Your objective :: Begin at the line below that has "Fluorescent microscopy pictures". Stop after the line that has "2014年4月29日,FDA", repeating each line exactly and leaving out the pictures.

Supplied information ::
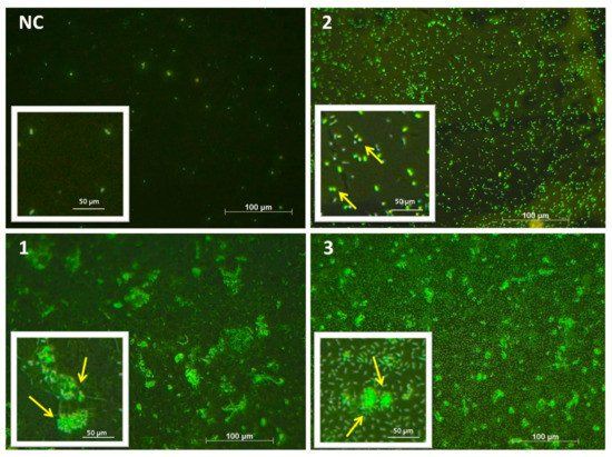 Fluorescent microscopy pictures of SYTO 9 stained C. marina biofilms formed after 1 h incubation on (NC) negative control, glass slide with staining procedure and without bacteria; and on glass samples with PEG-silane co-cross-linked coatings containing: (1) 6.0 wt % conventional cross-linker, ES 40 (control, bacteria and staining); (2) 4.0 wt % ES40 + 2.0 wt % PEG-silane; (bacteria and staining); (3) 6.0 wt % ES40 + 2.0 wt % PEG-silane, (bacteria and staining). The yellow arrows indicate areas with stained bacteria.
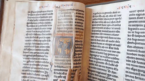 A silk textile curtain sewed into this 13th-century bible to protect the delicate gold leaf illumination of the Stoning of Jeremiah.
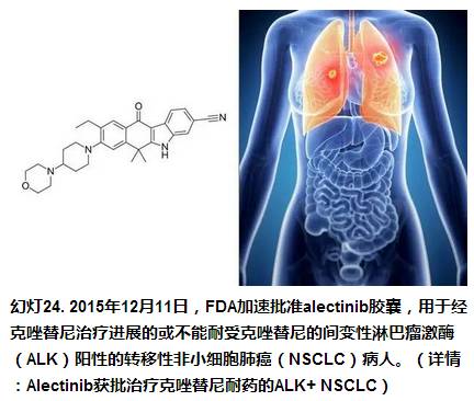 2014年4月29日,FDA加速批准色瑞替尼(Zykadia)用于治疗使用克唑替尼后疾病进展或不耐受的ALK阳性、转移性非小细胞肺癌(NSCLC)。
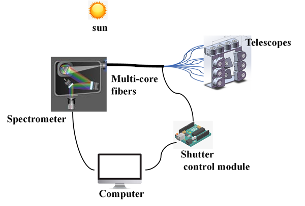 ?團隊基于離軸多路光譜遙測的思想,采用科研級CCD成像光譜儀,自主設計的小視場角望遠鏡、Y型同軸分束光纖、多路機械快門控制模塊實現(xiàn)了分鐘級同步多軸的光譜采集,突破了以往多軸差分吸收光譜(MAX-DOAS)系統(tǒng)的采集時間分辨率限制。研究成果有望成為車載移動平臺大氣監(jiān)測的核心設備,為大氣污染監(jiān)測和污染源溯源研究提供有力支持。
---
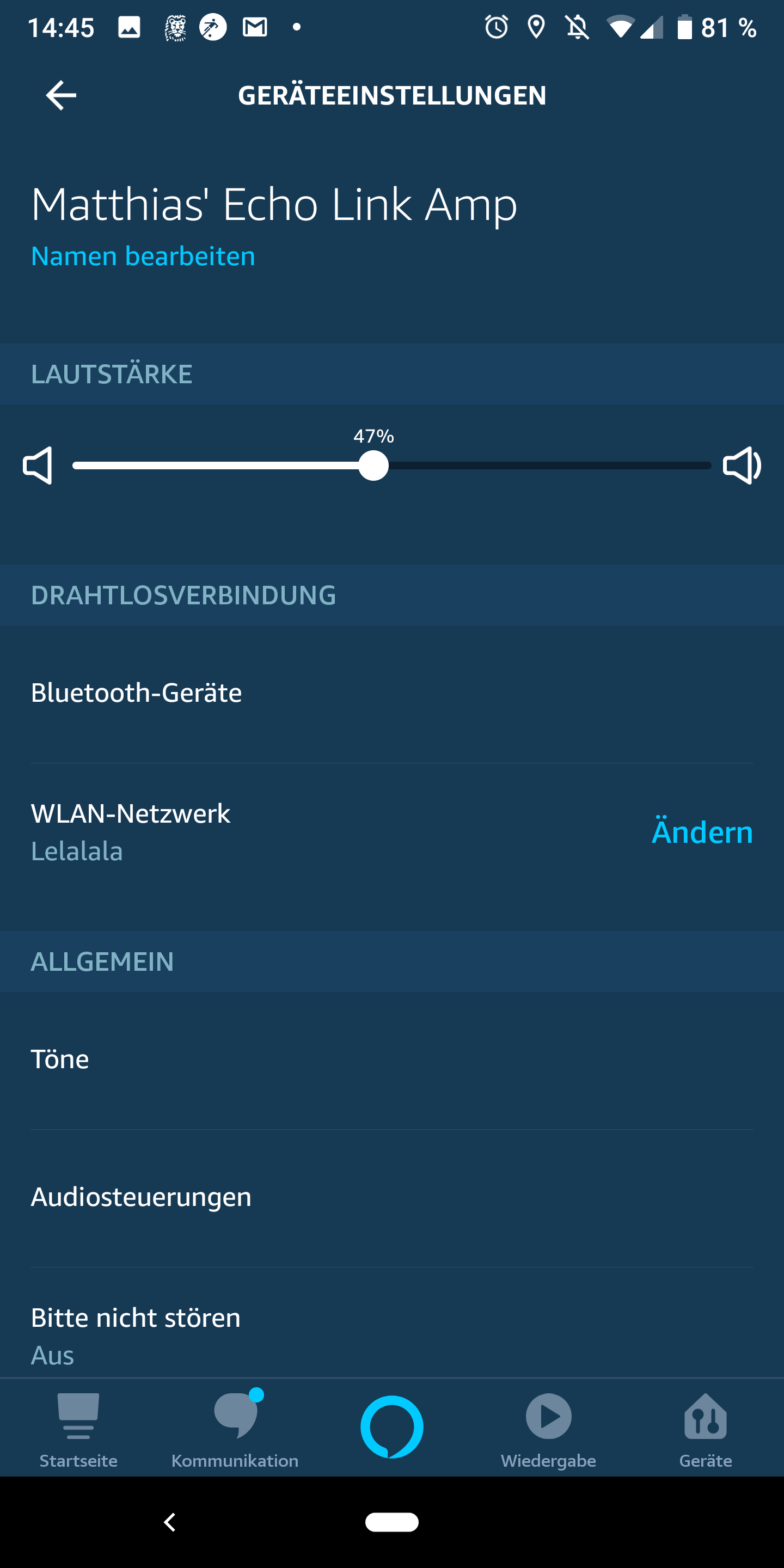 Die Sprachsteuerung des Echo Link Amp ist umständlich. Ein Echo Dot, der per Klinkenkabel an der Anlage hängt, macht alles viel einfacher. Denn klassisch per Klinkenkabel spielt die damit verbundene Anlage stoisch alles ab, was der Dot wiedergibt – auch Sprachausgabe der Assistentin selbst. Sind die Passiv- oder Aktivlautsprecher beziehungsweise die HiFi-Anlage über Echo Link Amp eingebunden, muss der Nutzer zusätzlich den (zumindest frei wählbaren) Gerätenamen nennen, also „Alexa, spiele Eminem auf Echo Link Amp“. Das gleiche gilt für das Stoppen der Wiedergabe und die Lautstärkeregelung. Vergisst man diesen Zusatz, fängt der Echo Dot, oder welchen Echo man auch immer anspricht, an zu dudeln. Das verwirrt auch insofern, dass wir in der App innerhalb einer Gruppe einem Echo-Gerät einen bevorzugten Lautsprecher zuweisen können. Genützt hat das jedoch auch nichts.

Answer space ::
 Fluorescent microscopy pictures of SYTO 9 stained C. marina biofilms formed after 1 h incubation on (NC) negative control, glass slide with staining procedure and without bacteria; and on glass samples with PEG-silane co-cross-linked coatings containing: (1) 6.0 wt % conventional cross-linker, ES 40 (control, bacteria and staining); (2) 4.0 wt % ES40 + 2.0 wt % PEG-silane; (bacteria and staining); (3) 6.0 wt % ES40 + 2.0 wt % PEG-silane, (bacteria and staining). The yellow arrows indicate areas with stained bacteria.
 A silk textile curtain sewed into this 13th-century bible to protect the delicate gold leaf illumination of the Stoning of Jeremiah.
 2014年4月29日,FDA加速批准色瑞替尼(Zykadia)用于治疗使用克唑替尼后疾病进展或不耐受的ALK阳性、转移性非小细胞肺癌(NSCLC)。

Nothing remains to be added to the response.